English    Türkçe    فارسی   

4
2101-2110

  • Cafer-i Tayyar, o şaraptan sarhoş oldu da elini, ayağını feda etti!
  • Allah sırrını kutlasın, Ebuyezid’in “Kendimi tenzih ederim. Şanım, zuhurum ne de uludur” demesi. Dervişlerin itirazı, Bayezid’in onlara sözle değil de hakikati göstererek cevap vermesi
  • O muhteşem fakir Bayezid, dervişlerine “İşte Allah benim” dedi.
  • O fenlere sahip er, sarhoşça apaçık “Benden başka Allah yoktur... Bilin de bana tapın” buyurdu.
  • O hal geçince sabahleyin “Sen böyle dedin... Bu doğru değil” diye kendisine söylediler.
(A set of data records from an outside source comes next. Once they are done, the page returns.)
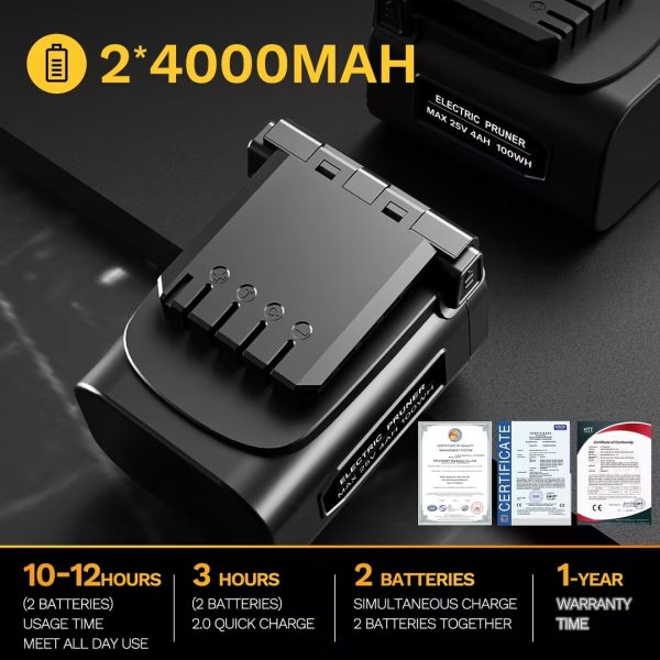 همراه این قیچی دو باتری بزرگ به شما عرضه خواهد شد. ولتاژ این باتری ها ۲۵.۲ ولت و ظرفیت آن ها ۴ آمپر ساعت می باشد.
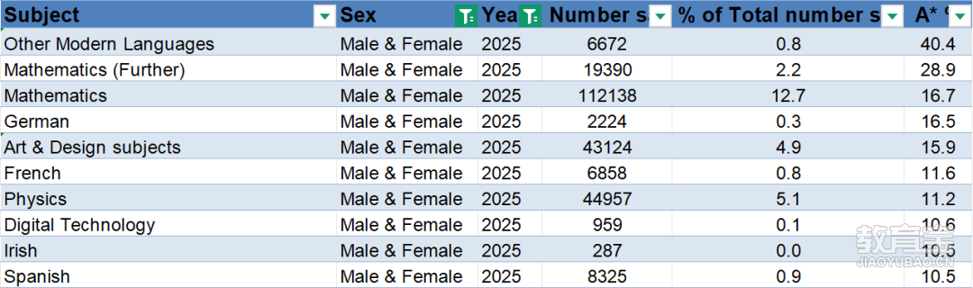 英国资格联合委员会JCQ发布了今年英国地区所有科目的报考、出分情况,来看看今年哪些科目A*率最高/最低、热门/冷门吧~A*率*高的十大科目其他现代语言是今年A*率*高的科目——高达40.4%。不过也没啥意外的,其他现代语言本来就是只有那些母语或者第二语言是某些现代语言的学生才会选的,从选课方面就筛掉了一批学生了,所以这并不代表难度低,很简单就能拿A*了。高数A*率也较高,有28.9%。但就像开头说的,这份数据仅仅指的是英国学生的*,按照往年中国学生*数据来看,中国学生的高数A*率可比这要高得多~之后七门依次是:数学-16.7德语-16.5艺术与设计-15.9法语-11.6物理-11.2数字技术-10.5西班牙语-10.5
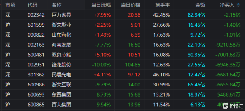 龙虎榜单日净卖出额前三为巨力索具、浙文影业、山东海化,分别为2.15亿元、1.4亿元、1.01亿元。
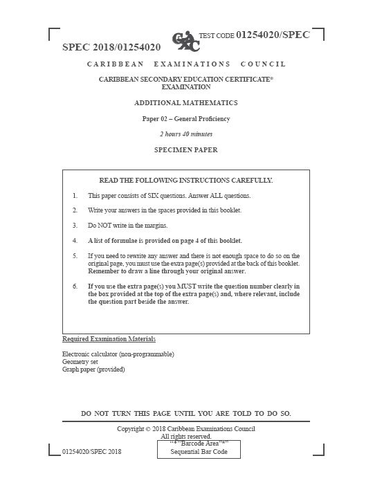 Specimen Paper 02 of the CSEC Additional Mathematics Examination, effective June 2021. Copyright by Caribbean Examinations Council.
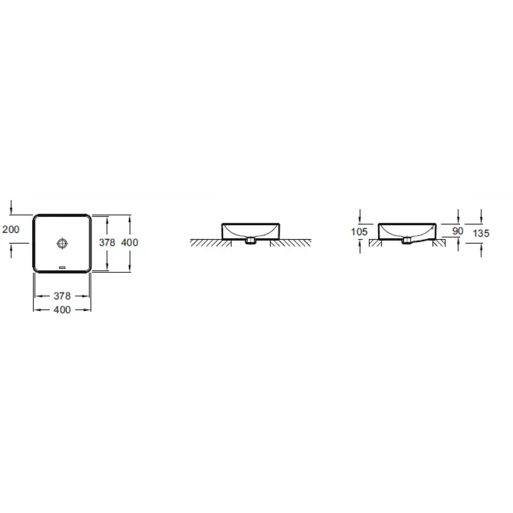 Технические характеристики Накладная раковина Vox 40х40х13,5 см, с отверстием перелива в передней части, с заглушкой, санфарфор EVG102-00 Jacob Delafon
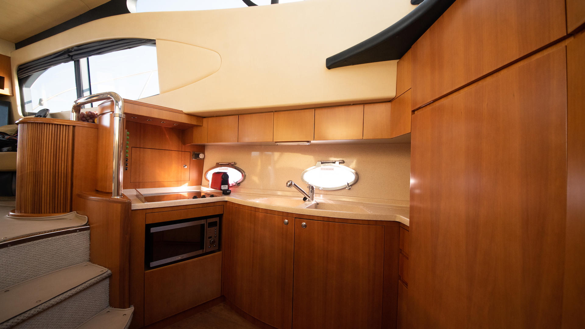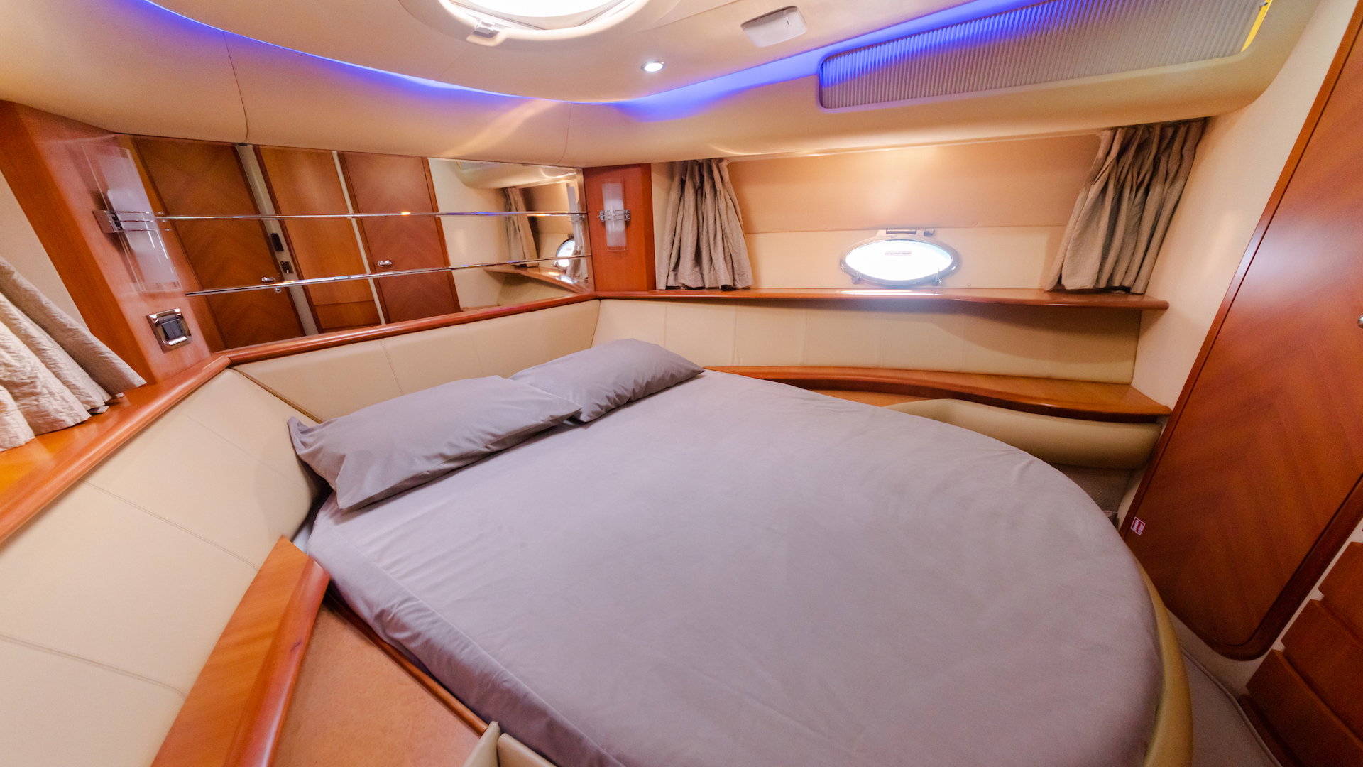 You will be fascinated by the aura of elegance and finesse. The AZ46 is created with emphasis on comfort, luxury and styling. It is a perfect balance between fashion and functionality. A cozy fly bridge yacht is equipped with modern control systems using latest technology. Main interior characteristics of Lounge Saloon and 2 Cabins are natural wood trim and leather furniture.

  • Dedi ki: “Bunu bir daha dalar da söylersem hemen o anda beni bıçaklayın! 2105
  • Allah, tenden münezzehtir... Benimse tenim var. Böyle söylediğim zaman öldürülmem lazım!
  • O hür er, bu tavsiyede bulununca her derviş bir bıçak hazırladı.
  • Bayezid, yine o koca kadehi dikip sarhoş oldu... Tavsiyeleri aklından çıktı.
  • Meze geldi... Aklı avare oldu; sabah geldi, mumu çaresiz kaldı!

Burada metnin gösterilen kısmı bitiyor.